2000 Drug control is no magic task – progress can be achieved through full implementation of the provisions of the international drug control treaties and a willingness to examine and discuss, openly, the causes and consequences of the drug problem and ways to address it. (INCB, Message from the President, 23 Feb 2000) No outcomes can be expected from statements such as this. The statement is a further example of the Board proclaiming the need for full and open discussion of the causes and consequences of the drug problem yet insisting that this must occur only "through full implementation" of its partisan interpretation of the drug conventions.
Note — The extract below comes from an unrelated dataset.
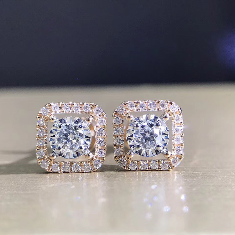 Hot sale in Dongdaemun, Korea. Simple and small square zircon earrings, elegant and versatile, beautiful and elegant jewelry for celebrities.

Its mindset denies the possibility of the sort of assessment that it pays lip service to.

 

Statement of failure

The failure of international policies that the Board advocates is voiced eloquently in the preamble of the 1988 Convention against Illicit Traffic in Narcotic Drugs and Psychotropic Substances. 76 years after the first drug convention in 1912 states were:

"DEEPLY CONCERNED by the magnitude of and rising trend in the illicit production of, demand for and traffic in narcotic drugs and psychotropic substances, which pose a serious threat to the health and welfare of human beings and adversely affect the economic, cultural and political foundations of society,

"DEEPLY CONCERNED ALSO by the steadily increasing inroads into various social groups made by illicit traffic in narcotic drugs and psychotropic substances, and particularly by the fact that children are used in many parts of the world as an illicit drug consumers market and for purposes of illicit production, distribution and trade in narcotic drugs and psychotropic substances, which entails a danger of incalculable gravity,

"RECOGNIZING the links between illicit traffic and other related organized criminal activities which undermine the legitimate economies and threaten the stability, security and sovereignty of States,

"AWARE that illicit traffic generates large financial profits and wealth enabling transnational criminal organizations to penetrate, contaminate and corrupt the structures of government, legitimate commercial and financial business, and society at all its levels"

If in the light of such lack of success the board of any enterprise continued to advocate an intensification of the same policies, it would be sacked.